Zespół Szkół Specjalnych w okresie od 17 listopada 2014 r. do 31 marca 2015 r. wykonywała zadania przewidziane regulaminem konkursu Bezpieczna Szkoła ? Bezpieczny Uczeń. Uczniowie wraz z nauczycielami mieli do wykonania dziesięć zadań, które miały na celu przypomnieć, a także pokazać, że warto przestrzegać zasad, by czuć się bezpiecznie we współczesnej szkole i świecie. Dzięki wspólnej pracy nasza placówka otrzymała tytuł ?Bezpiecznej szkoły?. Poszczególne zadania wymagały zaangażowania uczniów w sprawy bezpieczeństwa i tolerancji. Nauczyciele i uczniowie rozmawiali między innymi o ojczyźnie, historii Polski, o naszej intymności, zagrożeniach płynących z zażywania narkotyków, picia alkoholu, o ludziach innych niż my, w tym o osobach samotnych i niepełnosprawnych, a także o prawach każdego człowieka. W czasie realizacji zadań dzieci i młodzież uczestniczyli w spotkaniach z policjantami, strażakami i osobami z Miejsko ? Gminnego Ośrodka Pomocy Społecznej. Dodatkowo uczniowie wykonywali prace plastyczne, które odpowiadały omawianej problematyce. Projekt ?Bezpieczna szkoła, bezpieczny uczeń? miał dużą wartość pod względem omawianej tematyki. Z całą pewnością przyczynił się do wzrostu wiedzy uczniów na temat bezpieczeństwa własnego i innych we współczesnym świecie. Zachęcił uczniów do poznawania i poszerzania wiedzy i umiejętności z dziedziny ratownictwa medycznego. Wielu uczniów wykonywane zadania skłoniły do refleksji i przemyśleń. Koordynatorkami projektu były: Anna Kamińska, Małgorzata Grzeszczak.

...

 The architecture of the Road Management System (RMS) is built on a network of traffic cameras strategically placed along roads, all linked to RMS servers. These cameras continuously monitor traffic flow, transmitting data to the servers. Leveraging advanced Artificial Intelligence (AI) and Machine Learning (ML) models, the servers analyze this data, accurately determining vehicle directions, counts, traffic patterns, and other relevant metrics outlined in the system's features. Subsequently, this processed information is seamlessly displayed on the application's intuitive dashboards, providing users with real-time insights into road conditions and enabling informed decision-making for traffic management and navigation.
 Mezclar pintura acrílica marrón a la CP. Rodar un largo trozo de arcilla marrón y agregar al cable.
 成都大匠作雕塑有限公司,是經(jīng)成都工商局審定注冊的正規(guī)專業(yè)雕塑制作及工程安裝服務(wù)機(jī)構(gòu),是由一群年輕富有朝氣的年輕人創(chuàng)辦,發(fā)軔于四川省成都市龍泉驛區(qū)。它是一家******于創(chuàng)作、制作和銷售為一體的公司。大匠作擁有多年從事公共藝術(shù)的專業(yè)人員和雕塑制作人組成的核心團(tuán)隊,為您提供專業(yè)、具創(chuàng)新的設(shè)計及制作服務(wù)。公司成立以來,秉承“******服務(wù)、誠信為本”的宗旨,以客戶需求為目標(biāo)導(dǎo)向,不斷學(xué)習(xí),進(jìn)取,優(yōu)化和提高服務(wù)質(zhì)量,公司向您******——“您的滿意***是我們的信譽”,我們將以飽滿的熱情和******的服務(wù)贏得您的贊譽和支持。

...

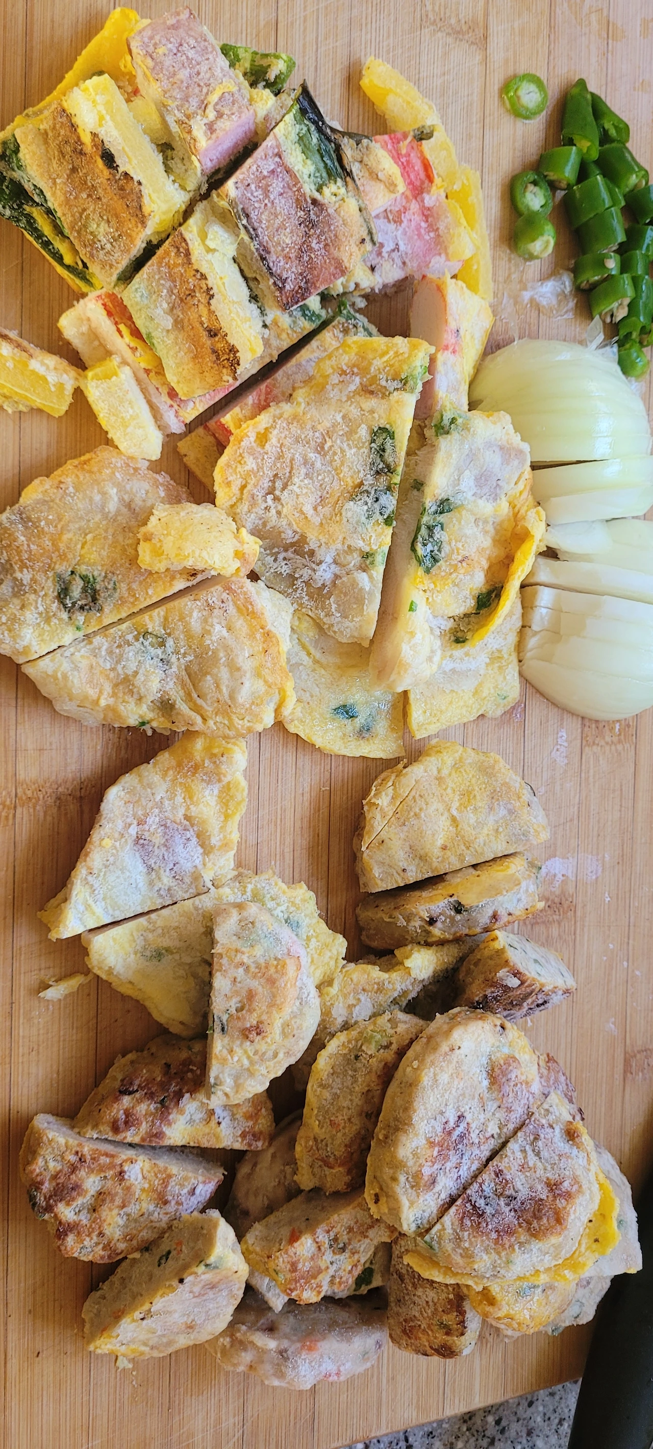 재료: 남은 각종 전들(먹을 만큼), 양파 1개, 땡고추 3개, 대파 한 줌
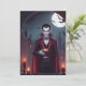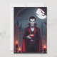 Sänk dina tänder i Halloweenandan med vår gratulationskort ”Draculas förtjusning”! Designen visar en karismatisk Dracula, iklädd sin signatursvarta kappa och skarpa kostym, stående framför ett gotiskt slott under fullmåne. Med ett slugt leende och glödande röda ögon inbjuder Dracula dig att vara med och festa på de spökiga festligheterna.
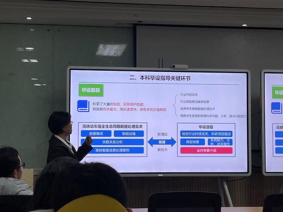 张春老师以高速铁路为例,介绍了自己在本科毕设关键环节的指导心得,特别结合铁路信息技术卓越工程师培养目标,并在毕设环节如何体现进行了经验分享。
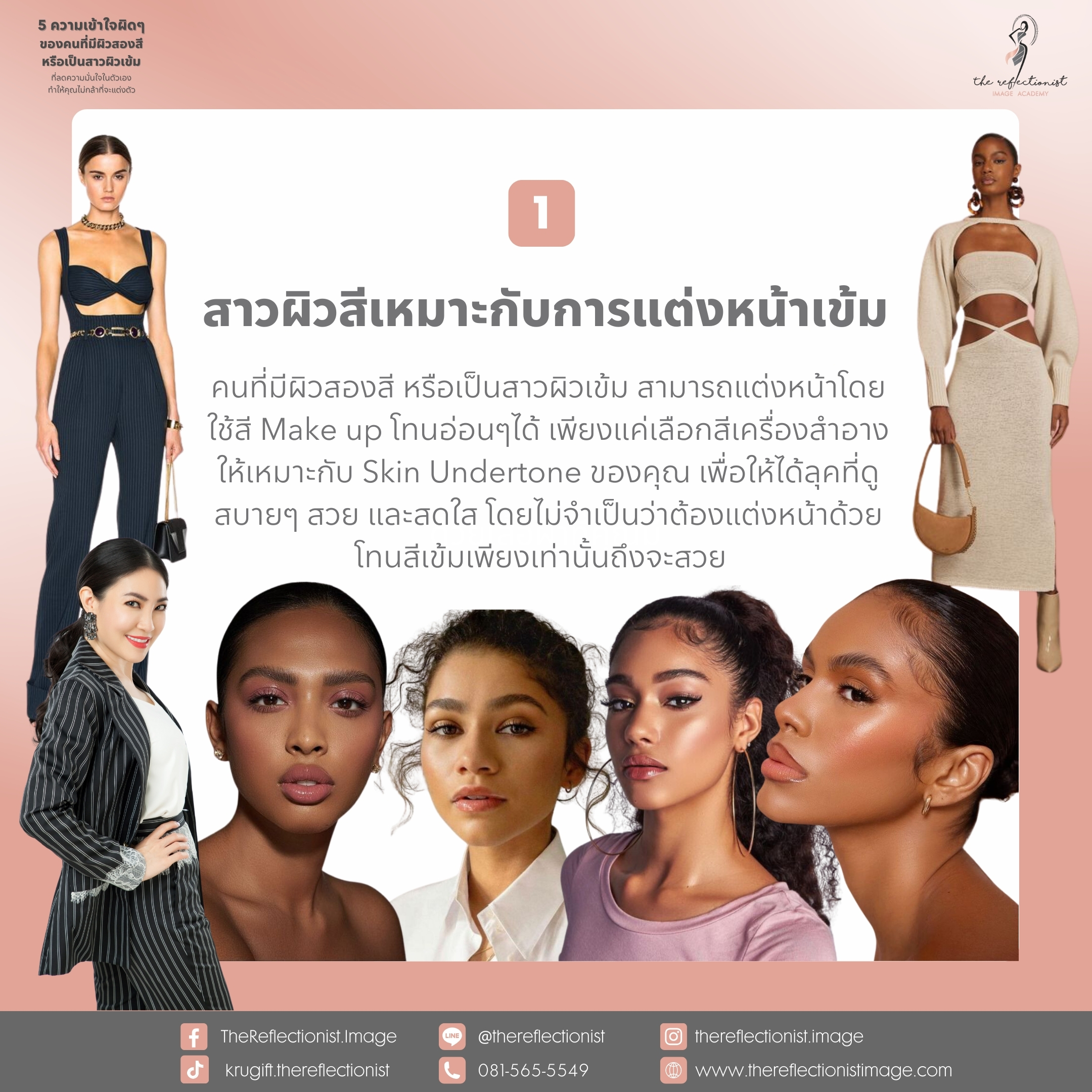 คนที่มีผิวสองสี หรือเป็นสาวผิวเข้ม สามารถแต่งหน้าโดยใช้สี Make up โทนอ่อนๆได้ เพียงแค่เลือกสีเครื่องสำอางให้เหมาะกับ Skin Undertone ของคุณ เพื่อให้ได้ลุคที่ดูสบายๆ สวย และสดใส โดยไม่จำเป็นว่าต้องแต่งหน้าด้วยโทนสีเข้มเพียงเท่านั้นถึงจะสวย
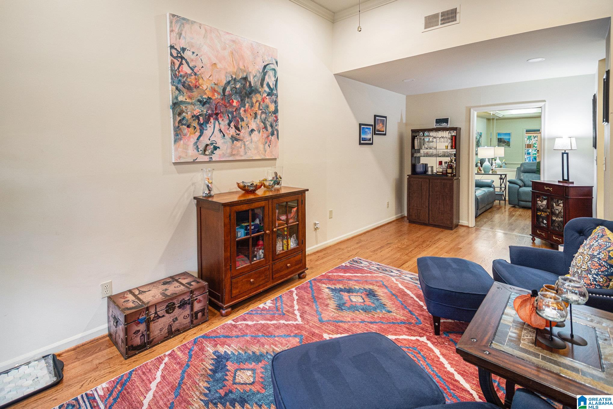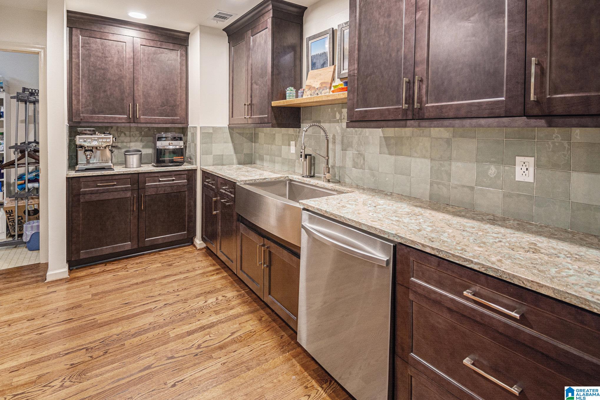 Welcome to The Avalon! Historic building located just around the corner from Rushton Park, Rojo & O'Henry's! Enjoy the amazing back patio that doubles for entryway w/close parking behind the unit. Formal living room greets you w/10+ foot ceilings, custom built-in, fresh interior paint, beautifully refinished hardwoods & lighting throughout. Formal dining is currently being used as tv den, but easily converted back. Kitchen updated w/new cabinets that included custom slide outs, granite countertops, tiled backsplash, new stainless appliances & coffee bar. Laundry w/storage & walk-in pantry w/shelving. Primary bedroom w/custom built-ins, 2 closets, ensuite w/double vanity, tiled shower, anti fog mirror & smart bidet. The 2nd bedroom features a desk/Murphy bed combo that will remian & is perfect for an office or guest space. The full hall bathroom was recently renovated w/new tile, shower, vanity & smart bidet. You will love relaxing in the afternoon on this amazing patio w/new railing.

▶ **Task to complete**
Copy the entries above exactly, but only the stretch from the line containing "Sänk dina tänder" through the line containing "Welcome to The". Keep both end lines; drop the pictures.

▶ **Output for this exercise**
 Sänk dina tänder i Halloweenandan med vår gratulationskort ”Draculas förtjusning”! Designen visar en karismatisk Dracula, iklädd sin signatursvarta kappa och skarpa kostym, stående framför ett gotiskt slott under fullmåne. Med ett slugt leende och glödande röda ögon inbjuder Dracula dig att vara med och festa på de spökiga festligheterna.
 张春老师以高速铁路为例,介绍了自己在本科毕设关键环节的指导心得,特别结合铁路信息技术卓越工程师培养目标,并在毕设环节如何体现进行了经验分享。
 คนที่มีผิวสองสี หรือเป็นสาวผิวเข้ม สามารถแต่งหน้าโดยใช้สี Make up โทนอ่อนๆได้ เพียงแค่เลือกสีเครื่องสำอางให้เหมาะกับ Skin Undertone ของคุณ เพื่อให้ได้ลุคที่ดูสบายๆ สวย และสดใส โดยไม่จำเป็นว่าต้องแต่งหน้าด้วยโทนสีเข้มเพียงเท่านั้นถึงจะสวย
 Welcome to The Avalon! Historic building located just around the corner from Rushton Park, Rojo & O'Henry's! Enjoy the amazing back patio that doubles for entryway w/close parking behind the unit. Formal living room greets you w/10+ foot ceilings, custom built-in, fresh interior paint, beautifully refinished hardwoods & lighting throughout. Formal dining is currently being used as tv den, but easily converted back. Kitchen updated w/new cabinets that included custom slide outs, granite countertops, tiled backsplash, new stainless appliances & coffee bar. Laundry w/storage & walk-in pantry w/shelving. Primary bedroom w/custom built-ins, 2 closets, ensuite w/double vanity, tiled shower, anti fog mirror & smart bidet. The 2nd bedroom features a desk/Murphy bed combo that will remian & is perfect for an office or guest space. The full hall bathroom was recently renovated w/new tile, shower, vanity & smart bidet. You will love relaxing in the afternoon on this amazing patio w/new railing.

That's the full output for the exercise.